Sustainable synthesis of diethyl carbonate from carbon dioxide and ethanol featuring acetals as regenerable dehydrating agents

Abstract

CO₂ valorization, which helps to offset the negative environmental impact of anthropogenic CO₂ emission, is a key aspect of the circular economy and a promising carbon capture and utilization strategy. Among the products of this valorization, dialkyl carbonates such as diethyl carbonate (DEC) draw much attention because of their low toxicity, high polarity, and broad application scope, and the related cost-effective and scalable synthesis methods are therefore highly sought after. Herein, DEC was sustainably synthesized from CO₂ and ethanol in the presence of acetals as regenerable organic dehydrating agents and dibutyltin(IV) oxide as a catalyst under optimized conditions (ethanol/acetal ratio, temperature, reaction time, presence or absence of Lewis-acidic additive).
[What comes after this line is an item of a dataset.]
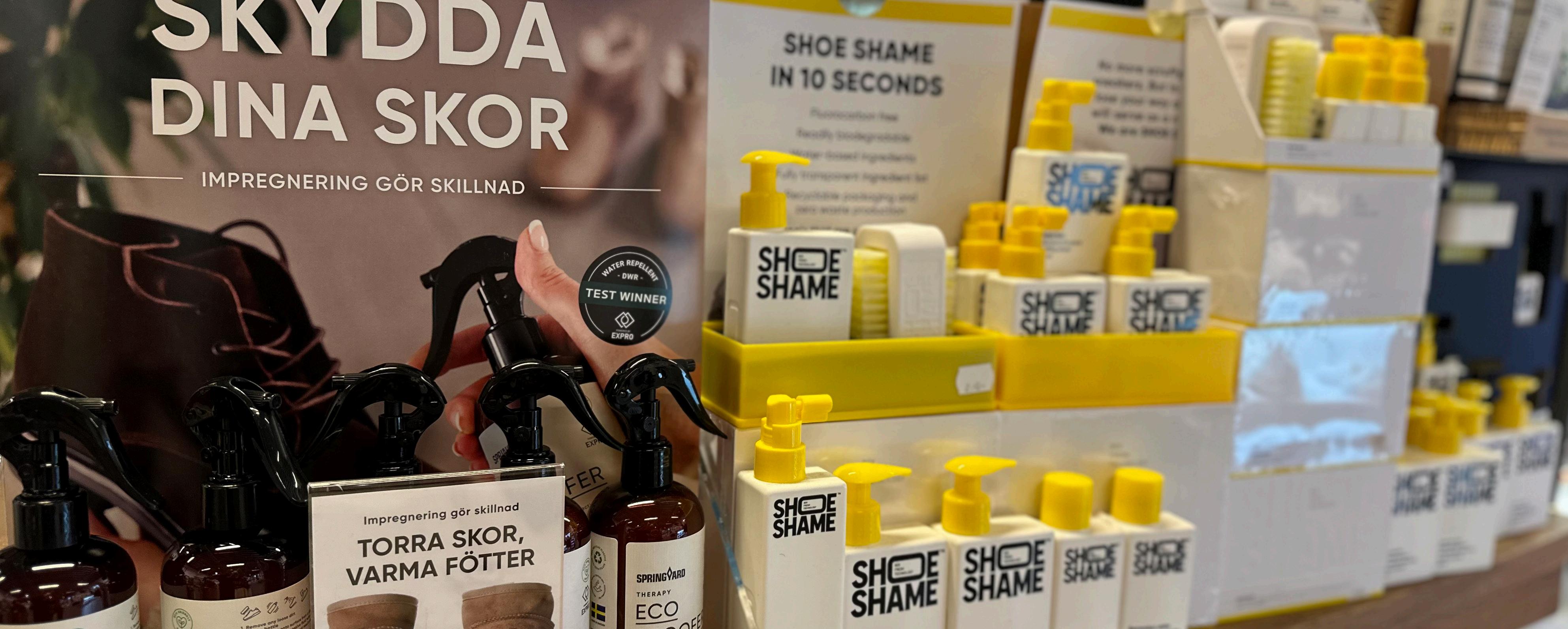 Ett sista tips: ha skovÄrden framme i hallen sÄ du inte glömmer. Helena rekommenderar en vattenbaserad impregnering frÄn Springyard som Àr doftfri och giftfri, vilket gör den smidig att anvÀnda inomhus och snÀll mot barn, djur och natur. Behöver du hjÀlp att vÀlja rÀtt borste, krÀm eller spray? Titta in sÄ guidar de dig.

DEC yield, which was positively correlated with acetal hydrolyzability and negatively correlated with acetal regeneration efficiency (regenerability), increased in the presence of the Lewis-acidic acetal hydrolysis promoter (scandium(III) triflate). Acetal regenerability was strongly impacted by the ethanol/acetone ratio, molecular sieve amount, and the type of acetal regeneration catalyst, e.g., an acidic ion exchange catalyst (Amberlyst) showed high activity and stability for the regeneration of various acetals. The obtained findings pave the way for the use of acetals as sustainable dehydrating agents for direct closed-loop DEC synthesis and thus contribute to the establishment of a greener society.